So how can I make examples?

One option is to use the operating system shell to “pipe” output from one program as input to the Racket process, which will then read that data as it’s input. Together with printf program, we can write the data we want the Racket program to see on stdin:

shell

> printf 'hello' | racket -e '(read-byte)'
104

shell

> printf 'hello' | racket -e '(list (read-byte) (read-byte))'
'(104 101)

If we pipe the empty string, the program will produce the eof value:

shell

> printf '' | racket -e '(read-byte)'
#<eof>

Another possibility is to use a similar mechanism but from within Racket. The with-input-from-string uses a given string as the data available on stdin. Then (read-byte) will read from this data:

Examples
> (with-input-from-string "hello" (λ () (read-byte)))
104
> (with-input-from-string "hello" (λ () (list (read-byte) (read-byte))))
'(104 101)
> (with-input-from-string "" (λ () (read-byte)))
#<eof>

This uses with-input-from-string which takes a string and a zero-argument function. It then installs the contents of the string in stdin as though you had typed this data, then invokes the function, thereby running a computation with a predetermined input stream.

There’s a matching with-output-to-string function that takes a zero-argument function and runs it in a way that collects the output and produces it as a string. This let’s you capture what was printed and turn it in to a value that is produced:

Examples
> (with-output-to-string (λ () (write-byte 104)))
"h"

These facilities will be useful for making examples, but also for writing test cases, since we can set up the state of the outside world and capture changes as values, which we can then use to assert the expected behavior:

Examples
> (check-equal?
   (with-input-from-string "hello"
     (λ ()
       (with-output-to-string
         (λ ()
           (write-byte (read-byte))))))
   "h")

9.3 Meaning of Evildoer programs

Formulating the semantics of Evildoer is more complicated than the languages we’ve developed so far. Let’s put it off for now and instead focus on the interpreter, which remains basically as simple as before. The reason for this disparity is that math doesn’t have side-effects. The formal semantics will need to account for effectful computations without itself having access to them. Racket, on the other hand, can model effectful computations directly as effectful Racket programs.

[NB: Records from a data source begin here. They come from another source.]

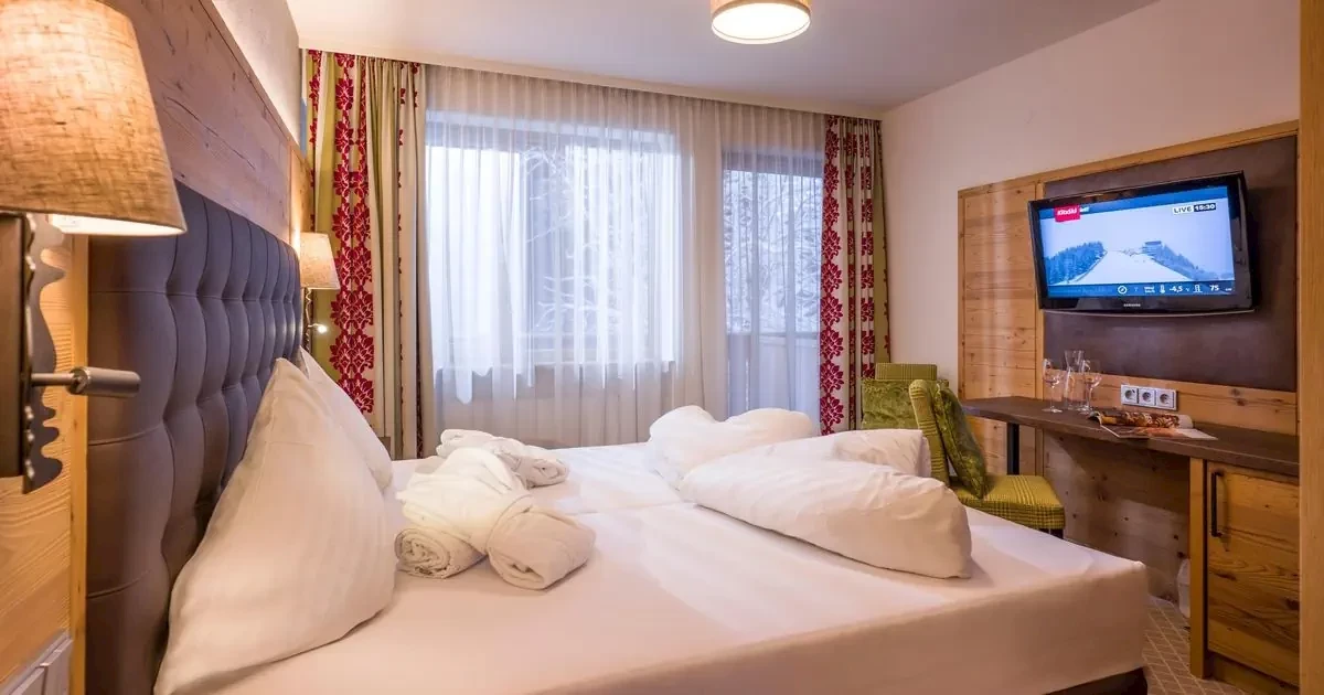 Noclegi w wybranym terminieWyżywienie jak wybranoKorzystanie ze strefy wellness (wg opisu)Płaszcz kąpielowy i klapki (do wypożyczenia)Menu bożonarodzeniowe i sylwestroweSejf (w pokoju)Miejsca parkingowe (ograniczona dostępność)Krzesełko dla dziecka (ograniczona dostępność)8% zniżki na kursy grupowe w naszej partnerskiej szkółce narciarskiejOpcjonalnie płatne na miejscu
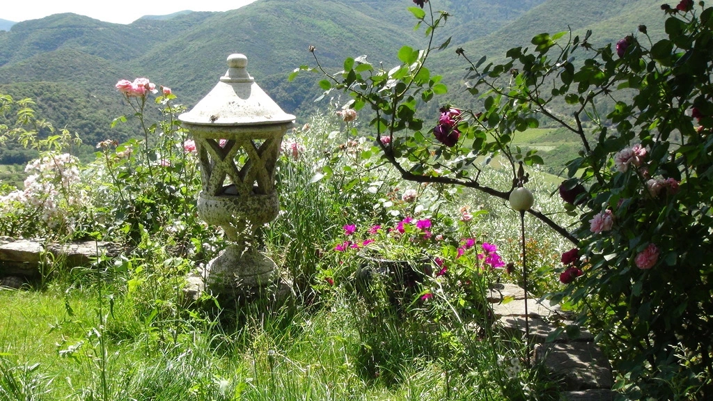 Der Steinkreis mit englischen Duftrosen und Campanula ist das Refugium der Schildkröten. Sie futtern fast alle Blüten.
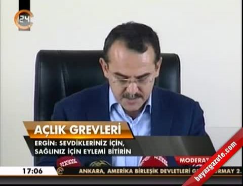 ''Terör örgütü PKK'nın elebaşı Öcalan'ın avukatlarıyla görüştürülürse onun yapacağı bir çağrıyla açlık grevlerinin sonlandırılacağı belirtiliyor. Bakanlığın bir Öcalan'ın avukatlarıyla görüştürülmesi konusunda bir adım atması söz konusu olabilir mi-'' sorusu üzerine Ergin, imkan dahilinde olan adımların Bakanlıkça atıldığını söyledi.

Here’s an interpreter for Evildoer:

evildoer/interp.rkt
  #lang racket
  (provide interp)
  (require "ast.rkt" "interp-prim.rkt")

  ;; type Value =
  ;; | Integer
  ;; | Boolean
  ;; | Character
  ;; | Eof
  ;; | Void

  ;; Expr -> Value
  (define (interp e)
    (match e
      [(Int i)  i]
      [(Bool b) b]
      [(Char c) c]
      [(Eof)    eof]
      [(Prim0 p)
       (interp-prim0 p)]
      [(Prim1 p e0)
       (interp-prim1 p (interp e0))]
      [(If e1 e2 e3)
       (if (interp e1)
           (interp e2)
           (interp e3))]
      [(Begin e1 e2)
       (begin (interp e1)
              (interp e2))]))

The interpretation of primitives relies on the underlying implementations read-byte, write-byte, etc. from Racket (just like it does for all the other operations):

evildoer/interp-prim.rkt
  #lang racket
  (provide interp-prim0 interp-prim1)

  ;; Op0 -> Value
  (define (interp-prim0 op)
    (match op
      ['read-byte (read-byte)]
      ['peek-byte (peek-byte)]
      ['void      (void)]))

  ;; Op1 Value -> Value
  (define (interp-prim1 op v)
    (match op
      ['add1          (add1 v)]
      ['sub1          (sub1 v)]
      ['zero?         (zero? v)]
      ['char?         (char? v)]
      ['integer->char (integer->char v)]
      ['char->integer (char->integer v)]
      ['write-byte    (write-byte v)]
      ['eof-object?   (eof-object? v)]))

Interpreting a program that reads and writes will itself read and write:

Examples
> (interp (parse '(write-byte 104)))
h
> (with-input-from-string "hello"
(λ ()
(interp (parse '(write-byte (read-byte))))))
h

We can also build a useful utility for interpreting programs with strings representing stdin and stdout:

evildoer/interp-io.rkt
  #lang racket
  (provide interp/io)
  (require "interp.rkt")

  ;; Expr String -> (Cons Value String)
  ;; Interpret e with given string as input,
  ;; return value and collected output as string
  (define (interp/io e input)
    (parameterize ((current-output-port (open-output-string))
                   (current-input-port  (open-input-string input)))
        (cons (interp e)
              (get-output-string (current-output-port)))))

Examples
> (interp/io (parse '(write-byte 104)) "")
'(#<void> . "h")
> (interp/io (parse '(write-byte (read-byte))) "hello")
'(#<void> . "h")

This is useful to write tests about programs that have side-effects because we can turn what was an effectful computation into a pure one:

Examples
> (check-equal? (interp/io (parse '(write-byte (read-byte))) "hello")
(cons (void) "h"))

OK, so now, what about the formal mathematical model of Evildoer? We have to reconsider the domain of program meanings. No longer does an expression just mean a value; its meaning may depend upon the state of the input and output port. Moreover, an expression may alter the state of these ports.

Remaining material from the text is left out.